Running Out of Options
Fatal bombing in Damascus exacerbates Syrian crisis

Syrians inspect damages at the site of twin blasts in Damascus on May 10, 2012
Today’s bombing in Damascus, the worst yet in Syria’s enduring crisis, is another sign that the situation is becoming increasingly desperate. The bombing killed 40 people immediately, and injured another 170, according to Syrian state media. As the old saying goes, desperate times call for desperate measures, but what measures are on offer?
Some high-profile American politicians have been calling for international intervention in Syria since the crisis began. Senators John McCain (Republican), Joseph Lieberman (independent, formerly a Democrat), both former candidates for the presidency and vice-presidency, and Lindsey Graham (Republican), have urged the US to arm the Syrian opposition. All three are members of the Senate’s Armed Forces Committee.
Senator McCain, in particular, has called for the use of American air power in Syria. Speaking in the Senate in March, he said: “The United States should lead an international effort to protect key population centers in Syria, especially in the north, through airstrikes on Assad’s forces. To be clear: This will require the United States to suppress enemy air defenses in at least part of the country.”

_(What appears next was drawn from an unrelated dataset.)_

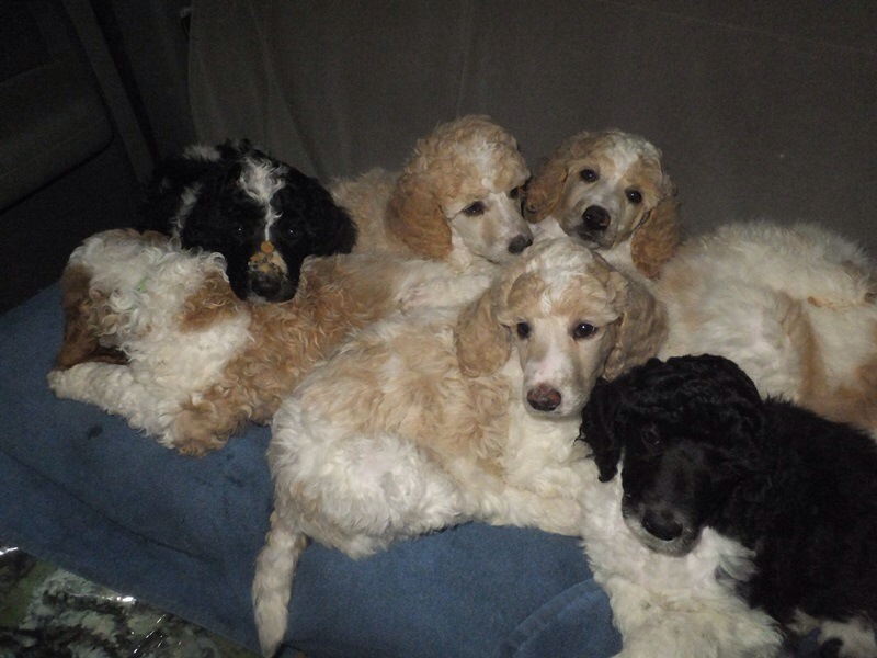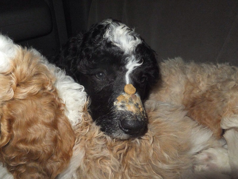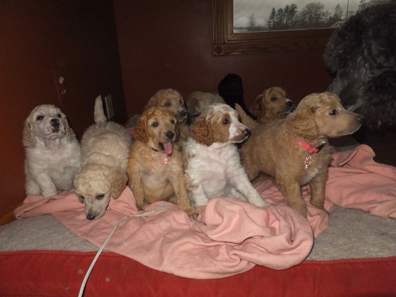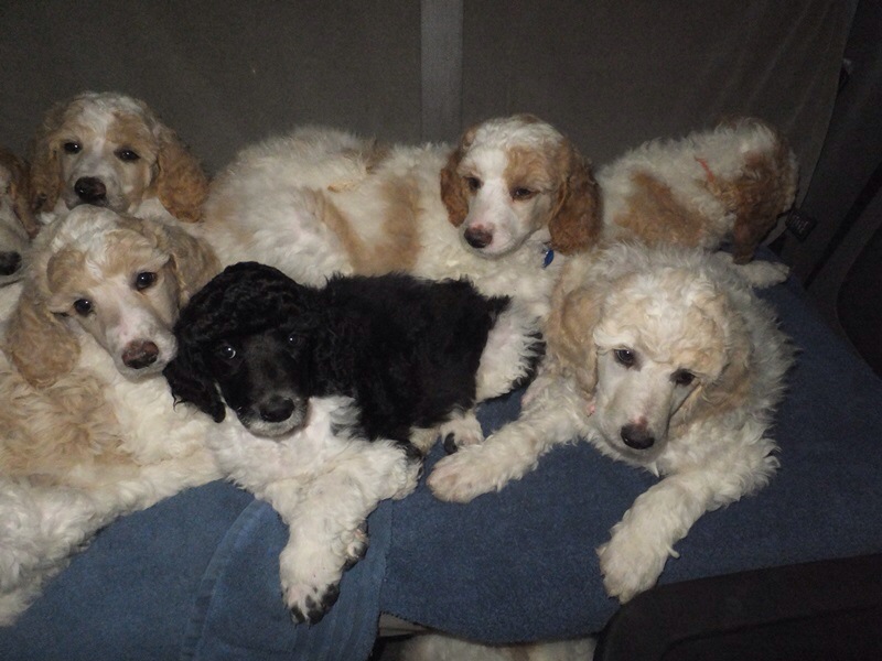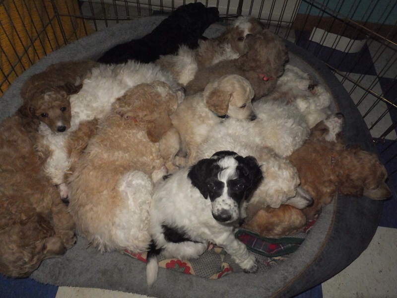 Everybody is doing great. I love seeing the little heads among the bigger ones. I’m always amazed at how they change in just twelve days! They have a heating pad in the crate but they cram themselves in this bed. So darn cute!!

Another high-profile senator has now suggested that the time may be fast approaching for a more active posture. In an interview in Tuesday, Senator John Kerry, the Democrat presidential candidate in 2004 and the head of the Senate’s Foreign Relations Committee, said that establishing ‘safe zones’ for civilians and refugees inside Syria, in cooperation with Turkey and Jordan, was looking more desirable. He also said that arming the opposition and assisting it with organization and military training was also an option in order to force Assad to negotiate seriously, even if it meant doing it indirectly via the Arab League or the Gulf states.
Senator Kerry stopped short of calling for airstrikes, but said: “You have to change the current dynamic. That’s to me the bottom line…We have to increase the pressure, change the calculations, and succeed in creating a capacity for a movement to a negotiated reform process with a transition that takes place through elections at the right moment.”
Others are offering other plans and options in order to bring the slide towards outright civil war to a halt. Blogging for Foreign Policy magazine, Harvard academic Stephen Walt suggested a last-ditch diplomatic campaign by the US to cajole Russia to persuade Assad to step down and go into exile “sooner rather than later, before all-out war occurs and before the entire Syrian state collapses.”
This course of action, he concedes, would be a ‘Hail Mary pass’: American Football slang for a last-ditch effort with meager chances of success, given that it would mean persuading Russia to abandon Assad, whom it has assiduously supported up to now, and assumes that Assad and his inner circle would be willing to give up the fight, something they have given no signs of doing.
With the ceasefire brokered by UN-Arab League envoy Kofi Annan steadily disintegrating, it seems both Syria and the outside world are running out of options, and had a very small stock of good ones to begin with.